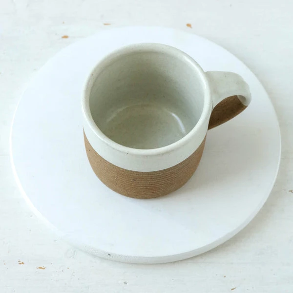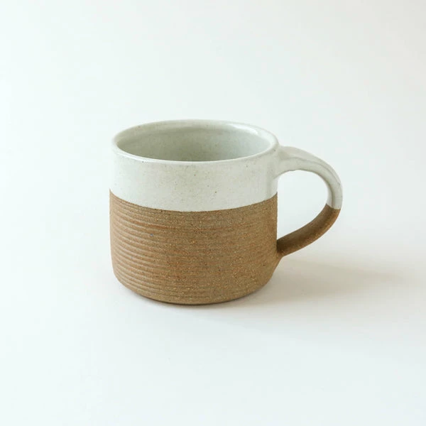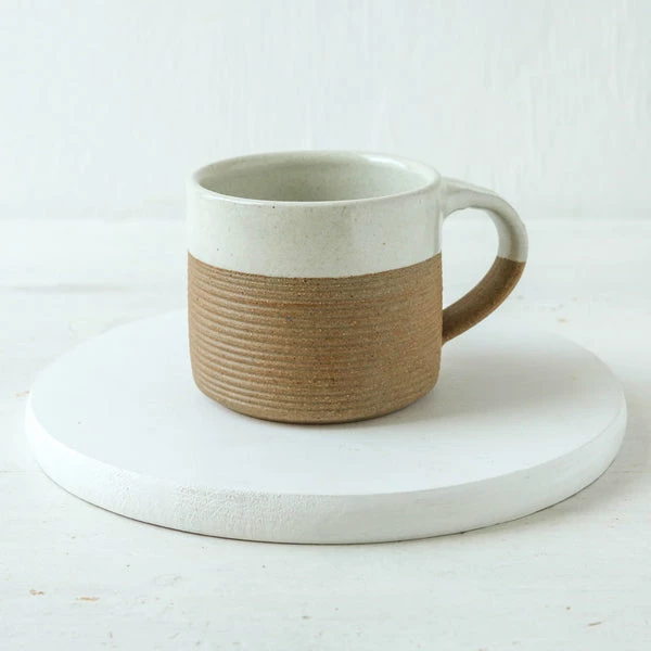 This ribbed terracotta coffee mug offers a fresh design take on our ever popular Mali collection. This ribbed detail provides a contemporary feel, while the white glaze freshens the look. These tactile pieces are produced in a small kiln, made simply from bricks and lit by an open fire. The process is time consuming, but we believe it is well worth the wait. Our Mali pottery is handmade in southern India as part of a fair-trade project. The project was established to provide training and secure employment for men and women both, from disadvantaged backgrounds. The scheme now employs 40 people and focuses particularly on empowering women in the workplace. 250ml 7.5 x 8 x 8cm
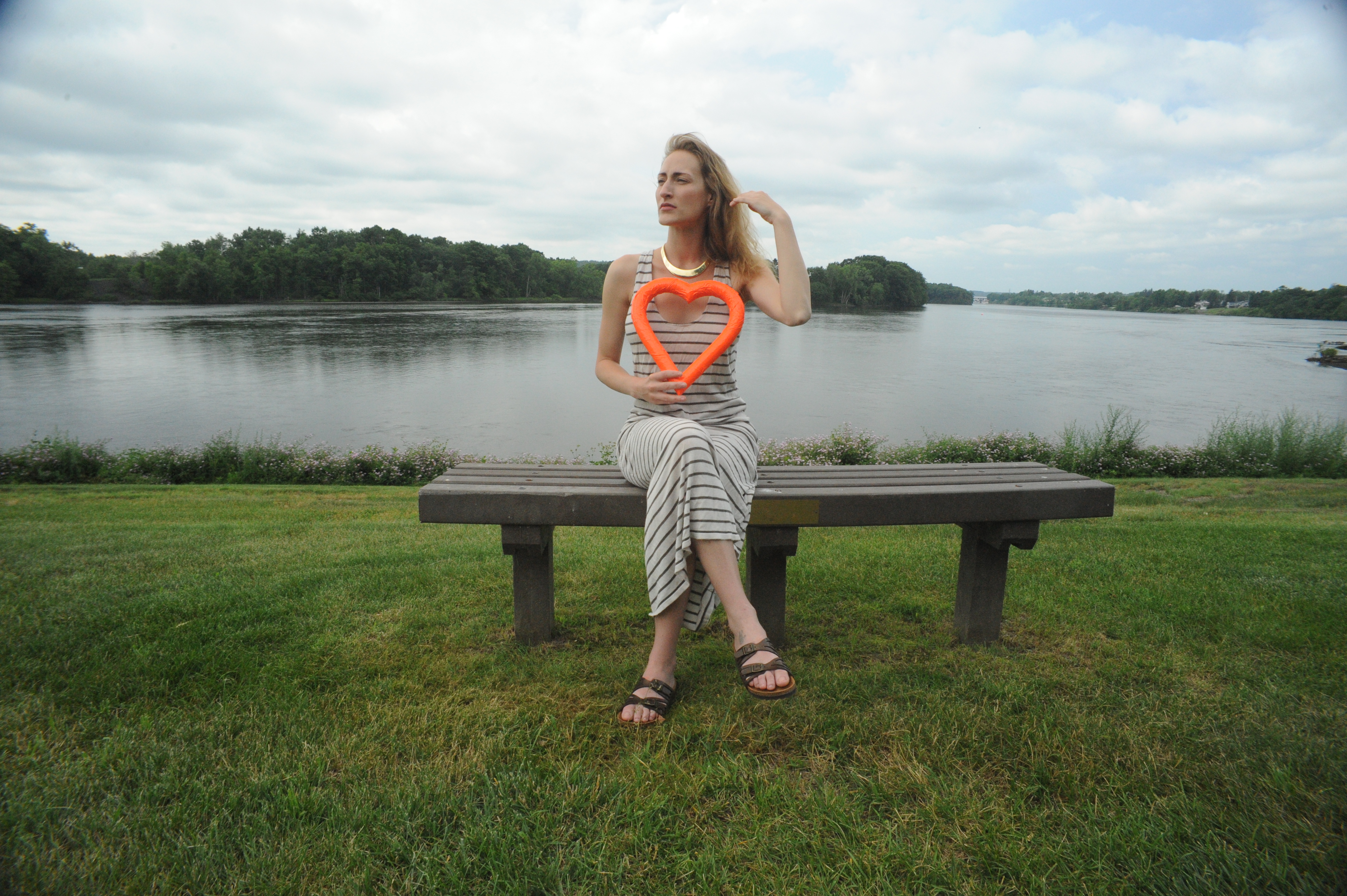 Several years ago, I asked my model friend Lauren if she would pose for a photo shoot. She agreed. I picked up a styrofoam valentine heart and wrapped it in orange-red duct tape, Lauren and I met up in Stillwater, she posed with the heart, and I removed whatever was in the heart’s interior – revealing the waters behind her.
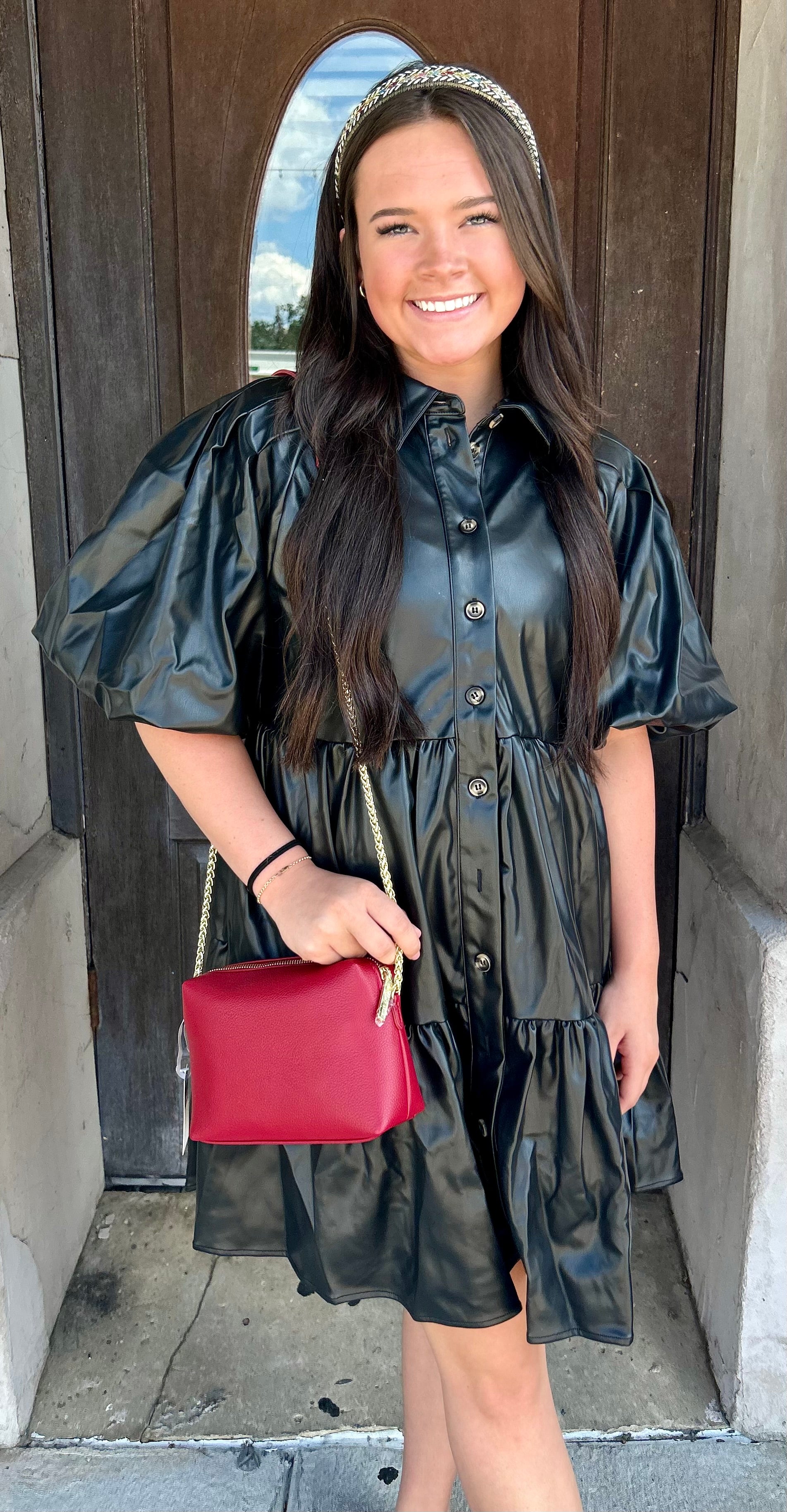 Be a boss babe with our Black Leather Dress. Featuring puff sleeves and soft leather, this dress will elevate your style while adding a touch of edginess. Perfect for a night out or a day at the office. (Boss not included)
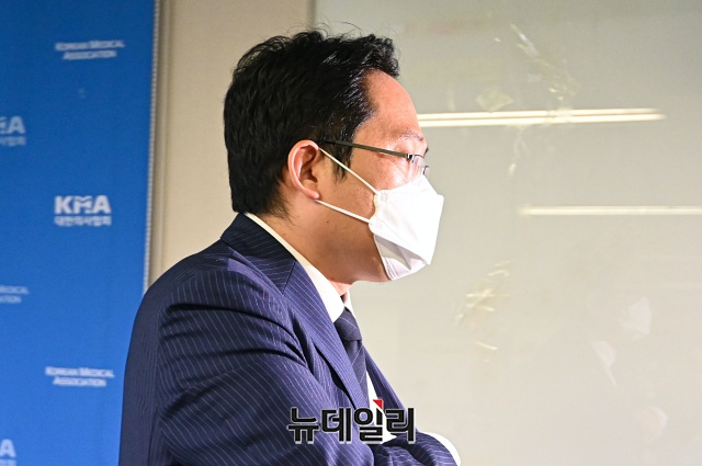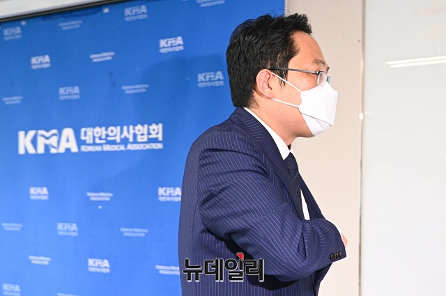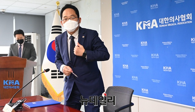 최대집 대한의사협회 회장이 21일 오후 서울 용산구 삼구빌딩에서 열린 긴급 기자회견을 마치고 퇴장하고 있다.
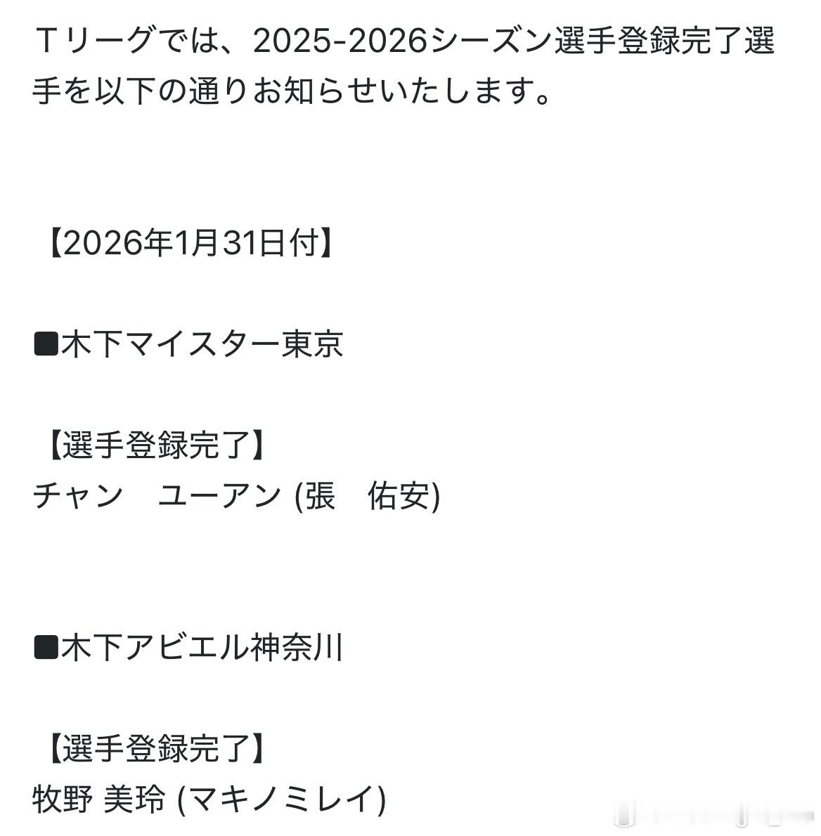 张佑安 T联赛2025-2026赛季与木下东京俱乐部签约
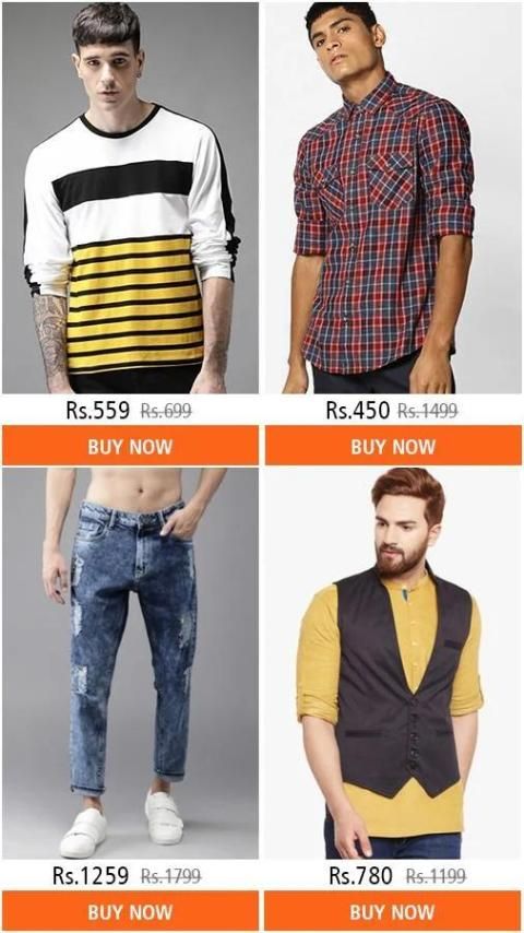 Explore more than 70K+ men clothing products collection in different fabrics, prints, fitting, style, colors and patterns from online shopping websites like Flipkart.com, Myntra.com, Amazon.in, Jabong.com, Ajio.com, ShopClues.com, Voonik.com, nnnow.com, and many more.
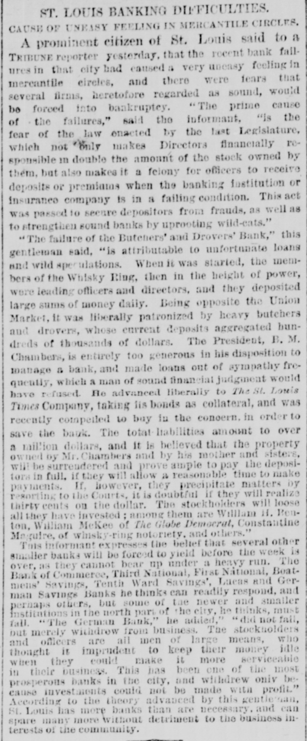 ST. LOUIS BANKING DIFFICULTIES. CAUSE OF UNEASY FEELING IN MERCANTILE CIRCLES. A prominent citizen of St. Louis said to a TRIBUNE reporter yesterday. that the recent bank fallures in that city had caused a very uneasy feeling in mercantile circles, and there were fears that several firms, heretofore regarded as sound, would be forced into bankruptey. "The prime cause of the failures," said the informant, "Is the fear of the law enacted by the last Legislature, which not only makes Directors financially responsible in double the amount of the stock owned by them, but also makes it a felony for officers to receive deposits or premiamas when the banking institution or insurance company is in a failing condition. This act was passed to secure depositors from frauds, as well as to strengthen sound banks by uprooting wild-eats." "The failure of the Butchers' and Drovers' Bank," this gentleman said, "is attributable to unfortunate loans and wild speculations. When it was started, the members of the Whisky Ring, then in the height of power, were leading officers and directors, and they deposited large sums of money daily. Being opposite the Union Market, it was liberally patronized by heavy butchers and drovers, whose current deposits aggregated hundreds of thousands of dollars. The President, B. M. Chambers, is entirely too generous in his disposition to manage & bank, and made loans out of sympathy frequently, which a man of sound financial judgment would have refused. He advanced liberally to The St. Louis Times Company, taking lis bonds as collateral, and was recently compelled to buy in the conoern. in order to save the bank. The total liabilities amount to over a million dollars. and It is believed that the property owned by Mr. Chambers and by his mother and sisters. will be surreudered and prove simple to pay the depositora in full. if they will allow a reasonable time to make payments. If, however, they precipitate matters by resorting to the Courts, it is doubtful if they will realize thirty cents on the dollar. The stockholders will loose all they have invested among them are William H. Renton, William McKee of The Globe Democrat, Constantine Maguire, of winsky-ring notoriety, and others." This informant expresses the belief that several other smaller banks will be forced to yield before the week is over, as they cannot bear up under a heavy run. The Bank of Commerce, Third National, First National, Boat. mens' Savings, Tenth Ward Savings', Lacas and German Savings Banks he thinks can readily respond, and perhaps others, but some of the newer and smaller institutions in the north part of the city, he thinks, must fall. "The German Bank," he added," "did not fall, but merely withdrow from business. The stockholders and officers are all men of large means, who thought it imprudent to keep their money idle when they could make it more serviceable in their business. This has been one of the most prosperous banks in the city, and withdrew oniv because investments could not be made with profit." According to the theory advanced by this gentleman St. Louis has more banks than are necessary. and can spare many more without detriment to the business interests of the community.
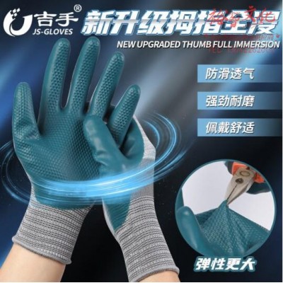 耐磨星A788物理压纹劳保手套浸胶耐磨加厚防水防滑建筑工地干活胶皮防护手套批发 4双-吉手耐磨星A788SKU:yzwhyp827133
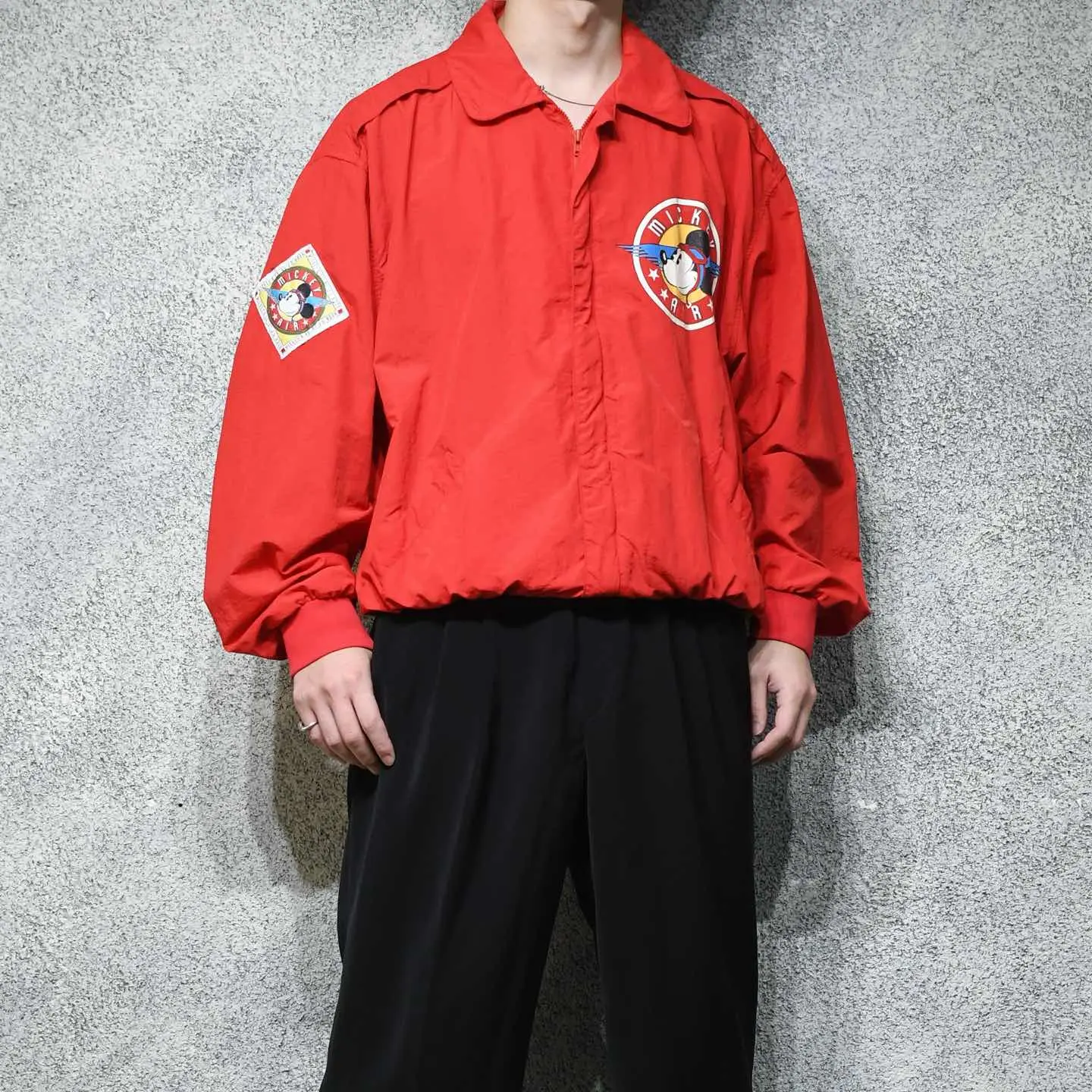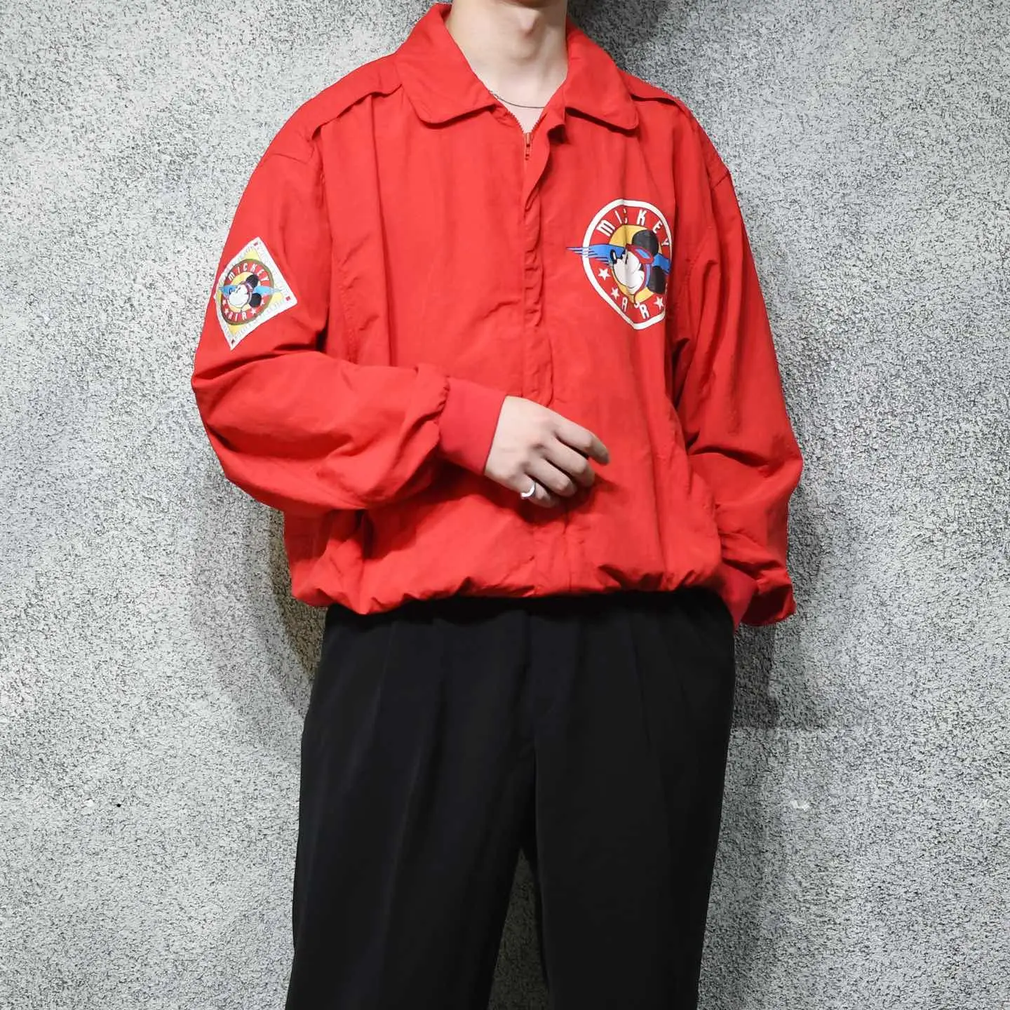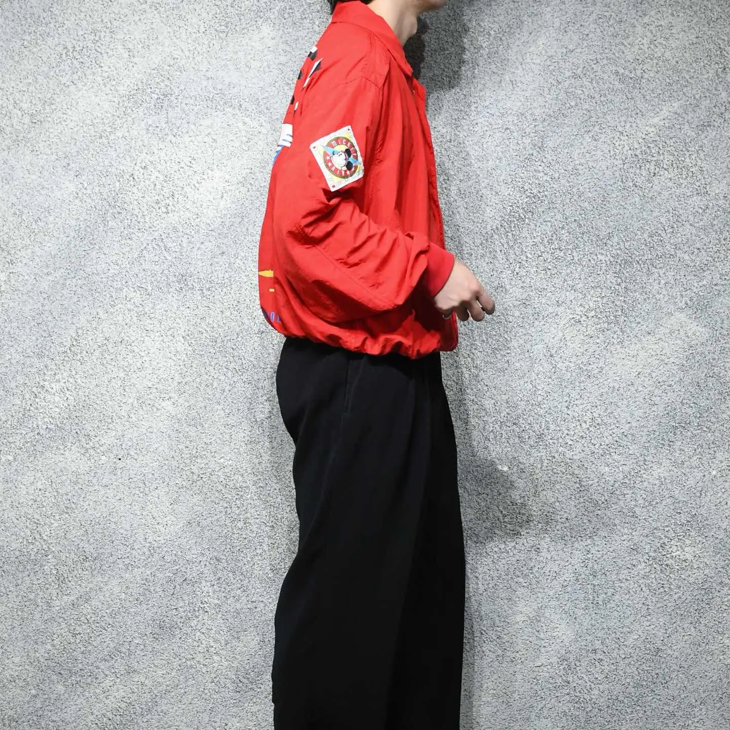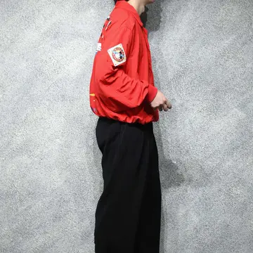 SIZE:XL 着丈69cm 肩幅59cm 身幅73cm 袖丈64cm fabric/nylon 着用画像 177cm/64kg Tシャツでもなく、スウェットでもなくアウターで。 カテゴリーが変わるだけでめっきり見掛けなくなる、 当キャラクター。 個人的に、歳を重ねるごとに疎遠になる キャラクター物ですが、このミッキーと フライトジャケットを軸とした作りには 惹かれました。 良い意味で可愛さをアイテムのディテールが 中和してくれる様な、そんな1着ではないでしょうか。 格好良さの中に、可愛さ。 気分の上がる古着として手元にどうでしょう。 ※背面裾リブに汚れあり。 ※撮影状況により、実物と多少色が異なる場合が ございます。 ※古着を取り扱っているため、気づかない汚れや ほつれ等がある場合がございます。 予めご了承ください。 ※サイズは着用感で選んでおり、 表記サイズではございません。 表記サイズは説明欄の最初に記載しております。 古着 オーバーサイズ old vintage ヴィンテージ used 80's 90's アメリカ古着 ユーロ古着 POLO RALPH LAUREN Eddie Bauer OLD GAP LANDS' END ランズエンド LLBean エルエルビーン オールドギャップ エディーバウアー ラルフローレン ブルックスブラザーズ Brooks Brothers 赤 レッド ジャケット ブルゾン mickey ディズニー などがお好きな方 #vintage #オーバーサイズ #old #used #90s #80s #古着 #ヴィンテージ #アメリカ古着 #ユーロ古着 #LLBean #エルエルビーン #EddieBauer #エディーバウアー #oldgap #オールドギャップ #LANDSEND #ランズエンド #NAUTICA #ノーティカ #ラルフローレン #POLORALPHLAUREN #ブルックスブラザーズ #BrooksBrothers #ディズニー #Disney #ミッキー #mickey #フライトジャケット #ジャケット #ブルゾン

- [WORK TASK] "张佑安 T联赛2025-2026赛季与木下东京俱乐部签约" marks the first line to copy, and "Explore more than" marks the last. Repeat that stretch above exactly, with no pictures.

- [WRITTEN RESPONSE]
 张佑安 T联赛2025-2026赛季与木下东京俱乐部签约
 Explore more than 70K+ men clothing products collection in different fabrics, prints, fitting, style, colors and patterns from online shopping websites like Flipkart.com, Myntra.com, Amazon.in, Jabong.com, Ajio.com, ShopClues.com, Voonik.com, nnnow.com, and many more.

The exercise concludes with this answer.